MATERIAL FOR THIS EXERCISE:

========

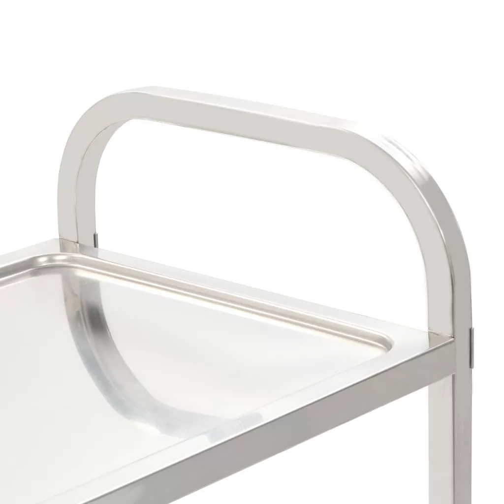 Ez a nagyméretű zsúrkocsi bőséges helyet kínál az ételek és italok optimális felszolgálásához. A rozsdamentes acélváznak köszönhetően a szervizkocsi még teljes terhelés alatt is stabil és masszív marad. Zökkenőmentes görgőinek hála erőlködés nélkül, halkan mozgatható. Emellett két görgő fékkel is fel lett szerelve, így megakadályozva az elgurulást, ami azt jelenti, hogy akár szerszámok vagy egyéb napi használatban lévő háztartási eszközök tárolására is alkalmas.
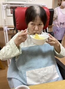 職員が「今日のおやつにしましょう!」とミニのカップヌードルを用意しました!
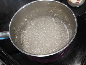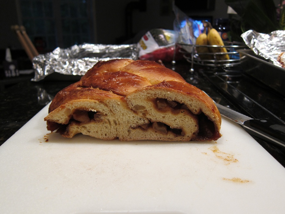 Happy Memorial Day! May’s Daring Bakers’ Challenge was pretty twisted – Ruth from The Crafts of Mommyhood challenged us to make challah! Using recipes from all over, and tips from “A Taste of Challah,” by Tamar Ansh, she encouraged us to bake beautifully braided breads. I had some sourdough starter that I’d been neglecting and my mom wanted me to do something with, and I’d seen a caramel apple challah sourdough recipe, so I knew what I had to do. Unfortunately, I didn’t have enough eggs in the house for any of the sourdough challah recipes I saw, so I sort of…made my own? It came out pretty good, especially for an experiment, although I wish I’d cooked the caramel of the filling a few seconds less.
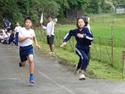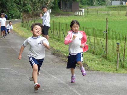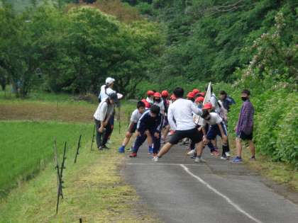 運動場では、直線で50メートルを走れるだけの長さがとれず、学校近くの農道が特設会場です。
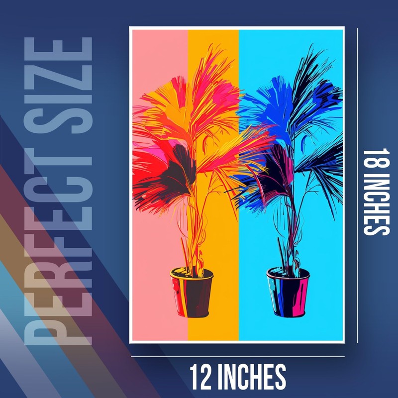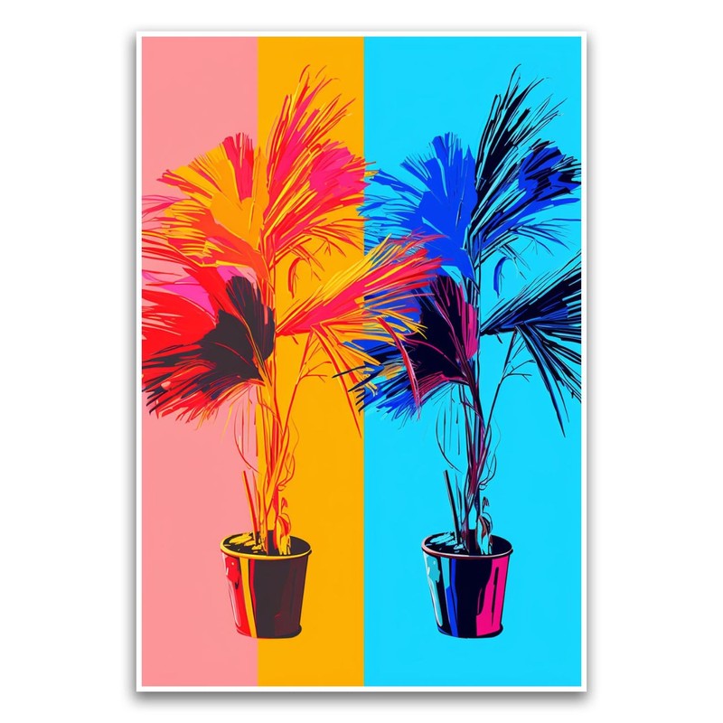 Palm Plant Pop Art Colorful Polyptych Poster - Vibrant Pop Art Warhol Inspired Digital Art Poster - 12 x 18 Inch Unframed Poster - Premium Poster On 100lb Gloss Paper - Printed In The USA FHJP1235
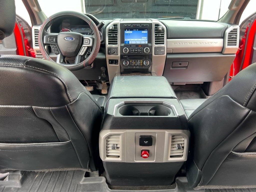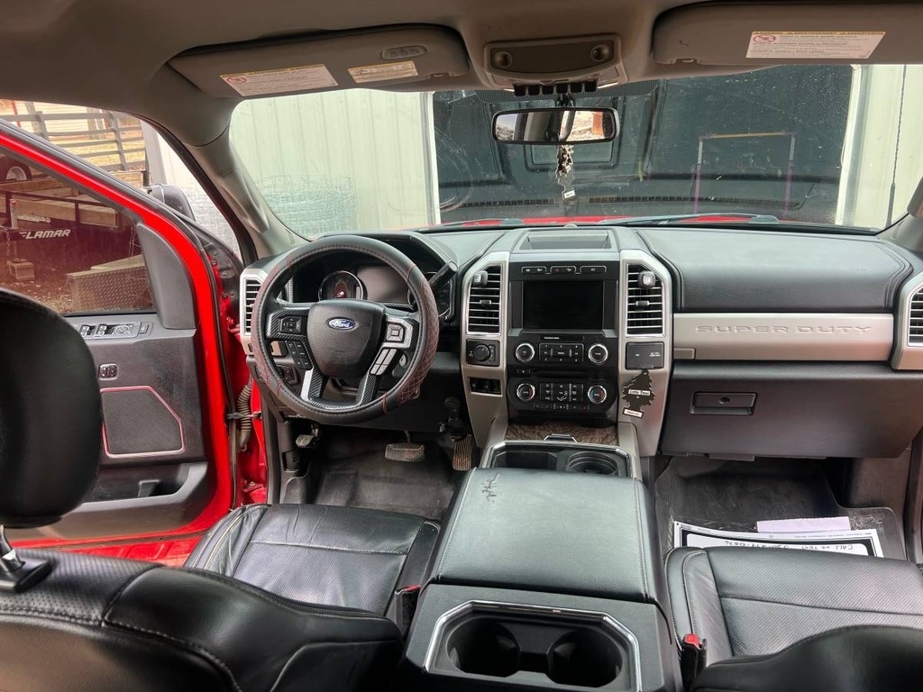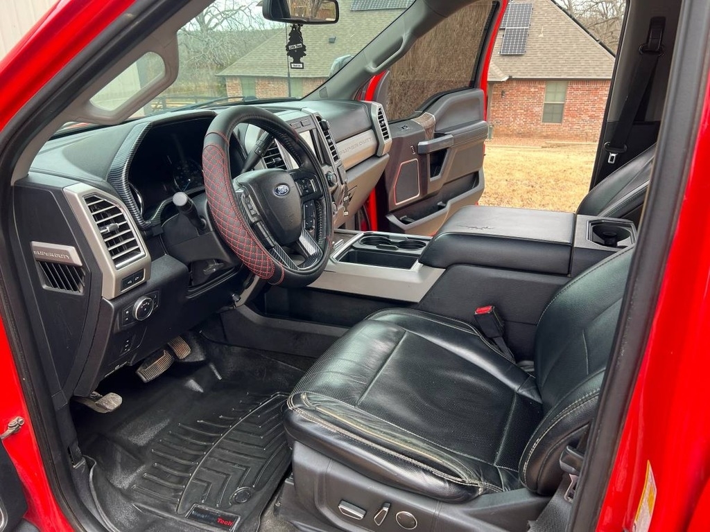 This Ford F-250 is powered by a 6.7L V8 turbo diesel engine paired with an automatic 6-speed transmission. It has 178,571 miles and is shown with a red exterior and a black leather interior.
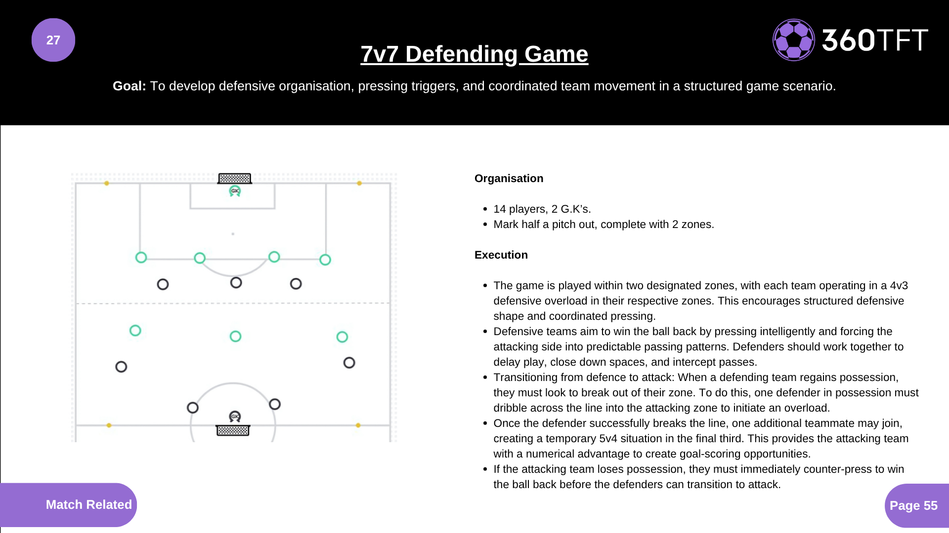 • 14 players, 2 G.K.’s. • Mark half a pitch out, complete with 2 zones. • The game is played within two designated zones, with each team operating in a 4v3 defensive overload in their respective zones. This encourages structured defensive shape and coordinated pressing. • Defensive teams aim to win the ball back by pressing intelligently and forcing the attacking side into predictable passing patterns. Defenders should work together to delay play, close down spaces, and intercept passes. • Transitioning from defence to attack: When a defending team regains possession, they must look to break out of their zone. To do this, one defender in possession must dribble across the line into the attacking zone to initiate an overload. • Once the defender successfully breaks the line, one additional teammate may join, creating a temporary 5v4 situation in the final third. This provides the attacking team with a numerical advantage to create goal-scoring opportunities. • If the attacking team loses possession, they must immediately counter-press to win the ball back before the defenders can transition to attack.
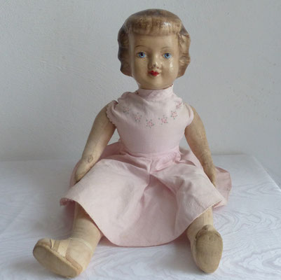 Anna Fehrle Puppe mit geschnitztem Holzkopf original bekleidet um 1940/50 selten
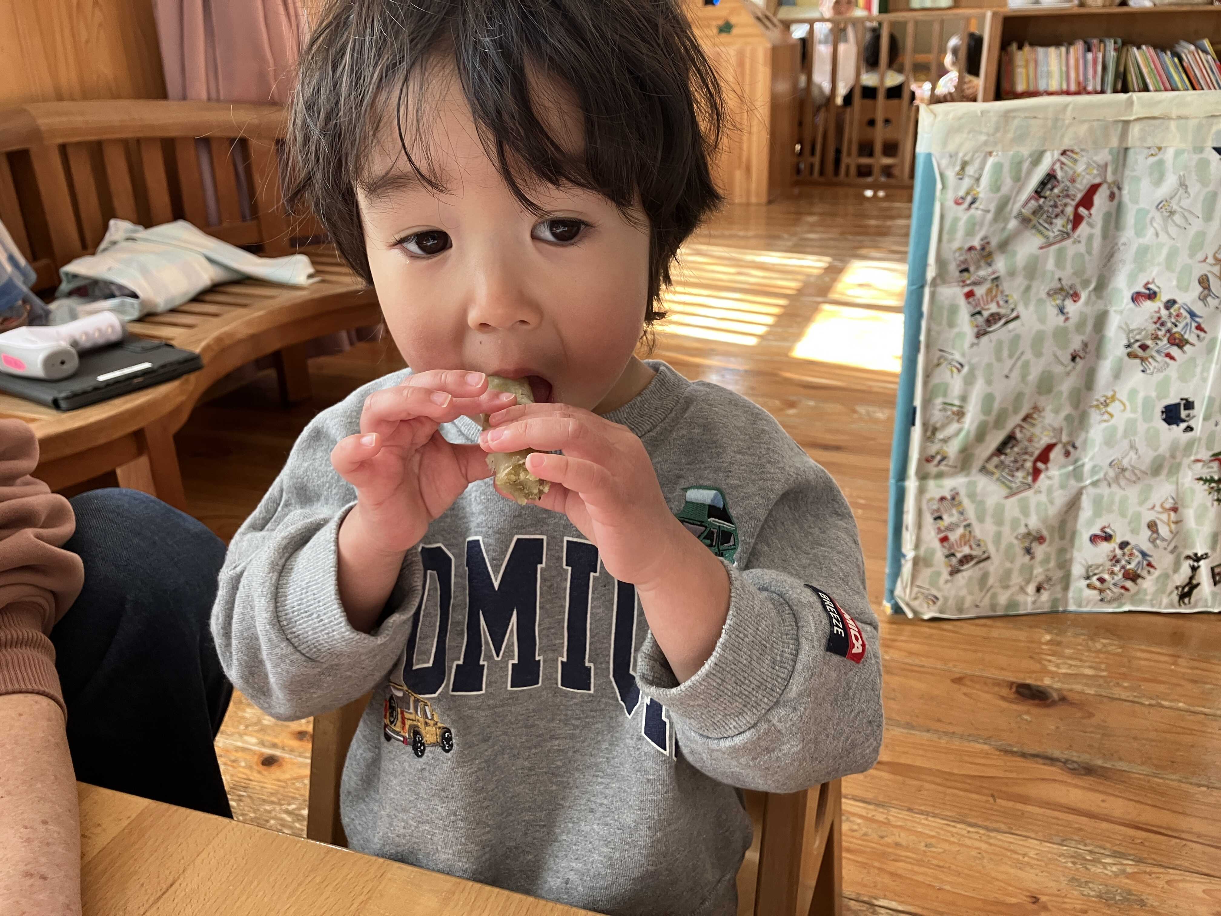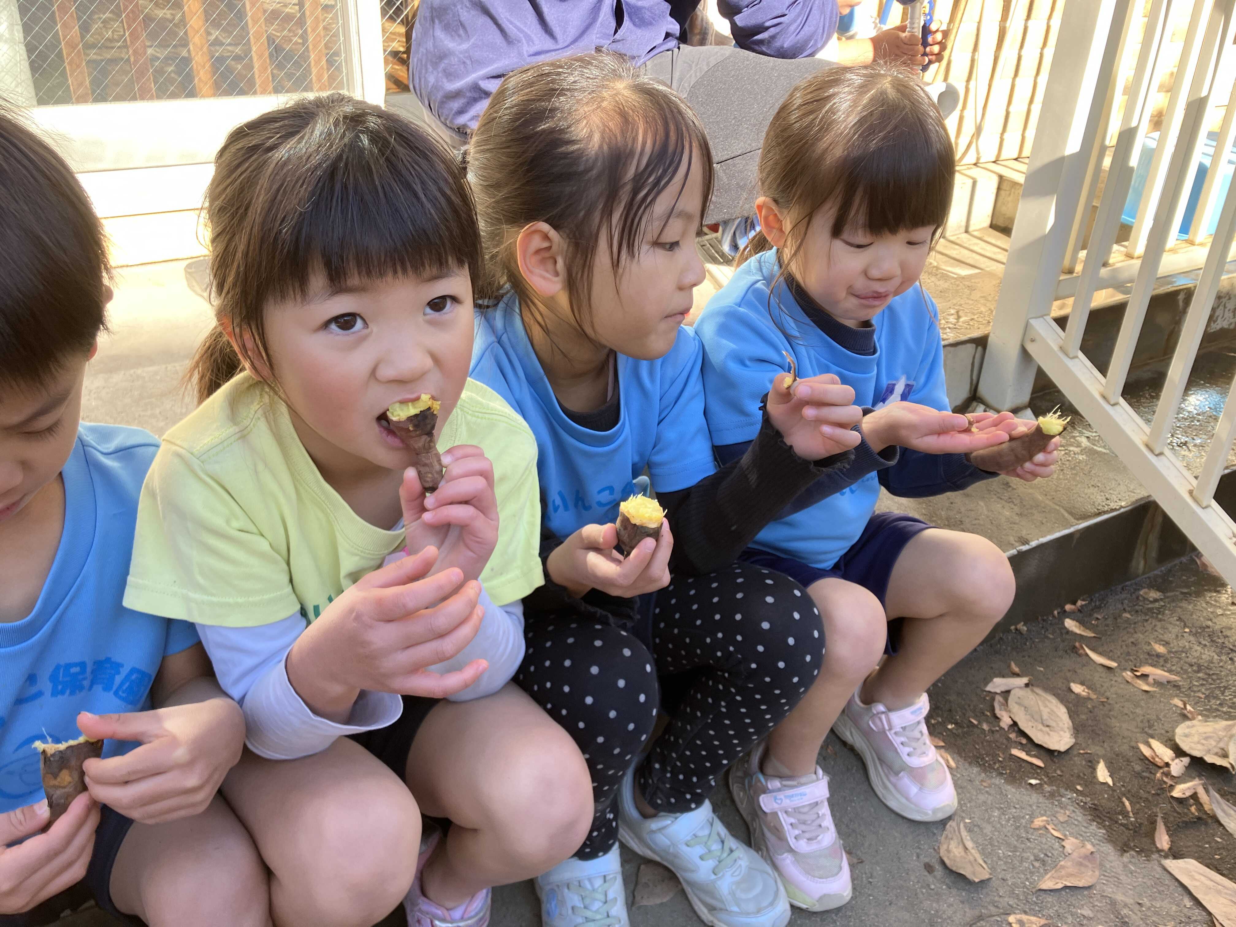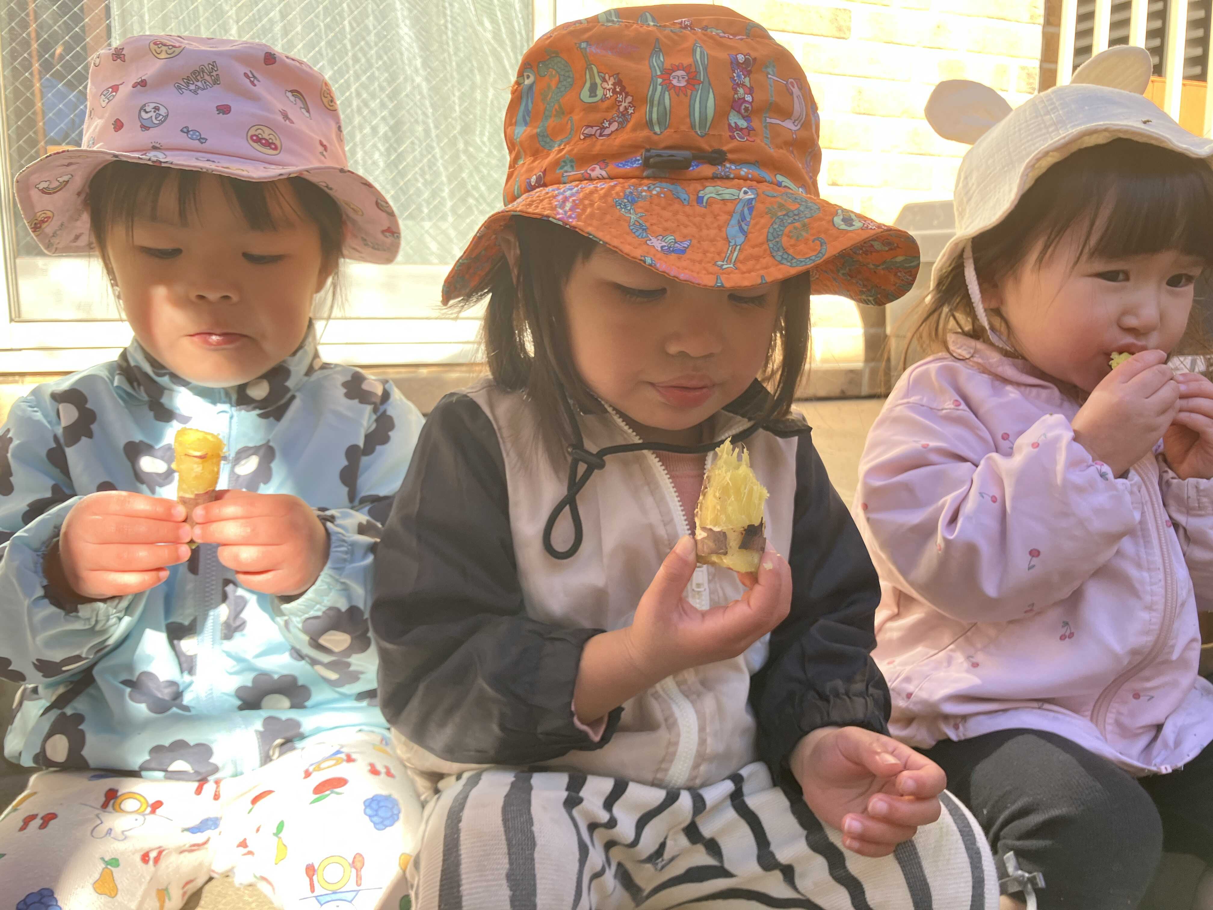 2歳児さんにもおすそ分け。「おいしい~♪」「あまーい!」と熱々のお芋を上手に冷ましながら食べていました。
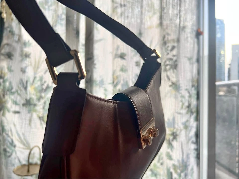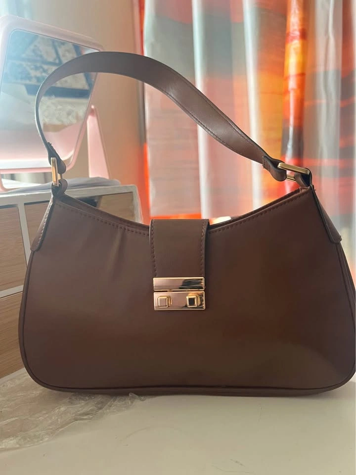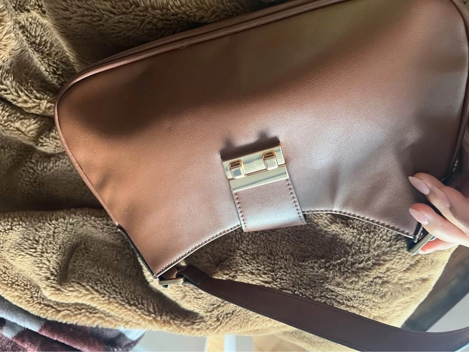 Chic and minimal brown H&M shoulder bag with gold hardware β the perfect everyday accessory! Sleek design, sturdy strap, and just the right size for your essentials. In great condition, gently used.
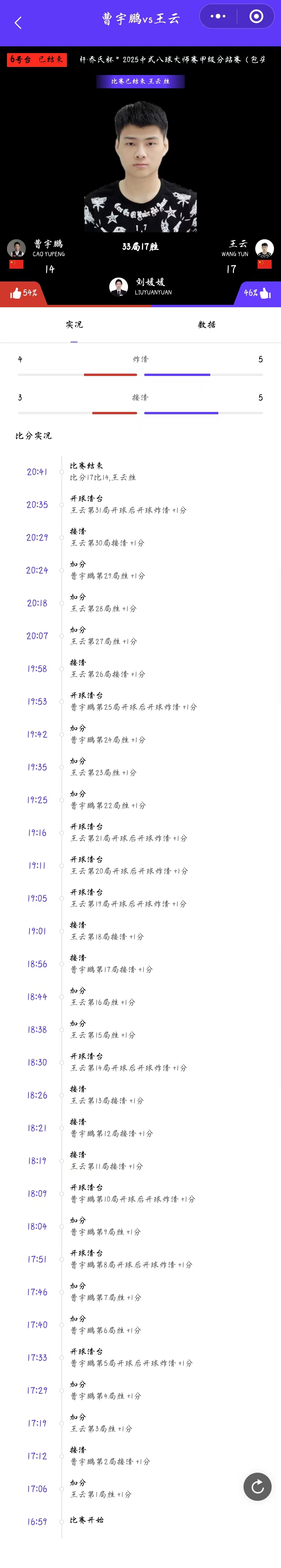 曹宇鹏 14-17 王云 详情
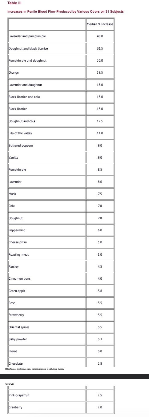 Abstract: Folk wisdom has it that various aromas are sexually enticing but no data exists demonstrating actual effects of specific odors on arousal. The
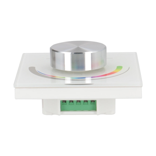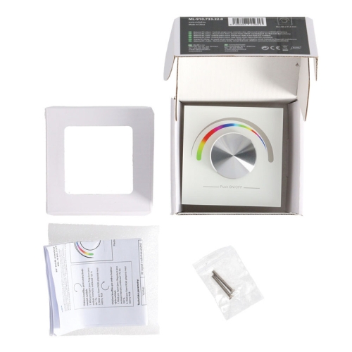 RF dálkový otočný ovladač pro řízení jasu a barevných režimů RGB LED pásků umožňuje řízení jedné skupiny RF přijímačů (nejsou součástí), tato skupina může mít neomezeně přijímačů. Instalace do elektroinstalační krabice pomocí vrutů (součástí). Rozsah stmívání 1 – 100 %. Rozměry ovladače: 86×86×41,6mm, napájení 1x CR2430 baterie (součástí), dosah cca 20m.

========

Output nothing except an exact copy of the records above, with the images left out.

 Ez a nagyméretű zsúrkocsi bőséges helyet kínál az ételek és italok optimális felszolgálásához. A rozsdamentes acélváznak köszönhetően a szervizkocsi még teljes terhelés alatt is stabil és masszív marad. Zökkenőmentes görgőinek hála erőlködés nélkül, halkan mozgatható. Emellett két görgő fékkel is fel lett szerelve, így megakadályozva az elgurulást, ami azt jelenti, hogy akár szerszámok vagy egyéb napi használatban lévő háztartási eszközök tárolására is alkalmas.
 職員が「今日のおやつにしましょう!」とミニのカップヌードルを用意しました!
 Happy Memorial Day! May’s Daring Bakers’ Challenge was pretty twisted – Ruth from The Crafts of Mommyhood challenged us to make challah! Using recipes from all over, and tips from “A Taste of Challah,” by Tamar Ansh, she encouraged us to bake beautifully braided breads. I had some sourdough starter that I’d been neglecting and my mom wanted me to do something with, and I’d seen a caramel apple challah sourdough recipe, so I knew what I had to do. Unfortunately, I didn’t have enough eggs in the house for any of the sourdough challah recipes I saw, so I sort of…made my own? It came out pretty good, especially for an experiment, although I wish I’d cooked the caramel of the filling a few seconds less.
 運動場では、直線で50メートルを走れるだけの長さがとれず、学校近くの農道が特設会場です。
 Palm Plant Pop Art Colorful Polyptych Poster - Vibrant Pop Art Warhol Inspired Digital Art Poster - 12 x 18 Inch Unframed Poster - Premium Poster On 100lb Gloss Paper - Printed In The USA FHJP1235
 This Ford F-250 is powered by a 6.7L V8 turbo diesel engine paired with an automatic 6-speed transmission. It has 178,571 miles and is shown with a red exterior and a black leather interior.
 • 14 players, 2 G.K.’s. • Mark half a pitch out, complete with 2 zones. • The game is played within two designated zones, with each team operating in a 4v3 defensive overload in their respective zones. This encourages structured defensive shape and coordinated pressing. • Defensive teams aim to win the ball back by pressing intelligently and forcing the attacking side into predictable passing patterns. Defenders should work together to delay play, close down spaces, and intercept passes. • Transitioning from defence to attack: When a defending team regains possession, they must look to break out of their zone. To do this, one defender in possession must dribble across the line into the attacking zone to initiate an overload. • Once the defender successfully breaks the line, one additional teammate may join, creating a temporary 5v4 situation in the final third. This provides the attacking team with a numerical advantage to create goal-scoring opportunities. • If the attacking team loses possession, they must immediately counter-press to win the ball back before the defenders can transition to attack.
 Anna Fehrle Puppe mit geschnitztem Holzkopf original bekleidet um 1940/50 selten
 2歳児さんにもおすそ分け。「おいしい~♪」「あまーい!」と熱々のお芋を上手に冷ましながら食べていました。
 Chic and minimal brown H&M shoulder bag with gold hardware β the perfect everyday accessory! Sleek design, sturdy strap, and just the right size for your essentials. In great condition, gently used.
 曹宇鹏 14-17 王云 详情
 Abstract: Folk wisdom has it that various aromas are sexually enticing but no data exists demonstrating actual effects of specific odors on arousal. The
 RF dálkový otočný ovladač pro řízení jasu a barevných režimů RGB LED pásků umožňuje řízení jedné skupiny RF přijímačů (nejsou součástí), tato skupina může mít neomezeně přijímačů. Instalace do elektroinstalační krabice pomocí vrutů (součástí). Rozsah stmívání 1 – 100 %. Rozměry ovladače: 86×86×41,6mm, napájení 1x CR2430 baterie (součástí), dosah cca 20m.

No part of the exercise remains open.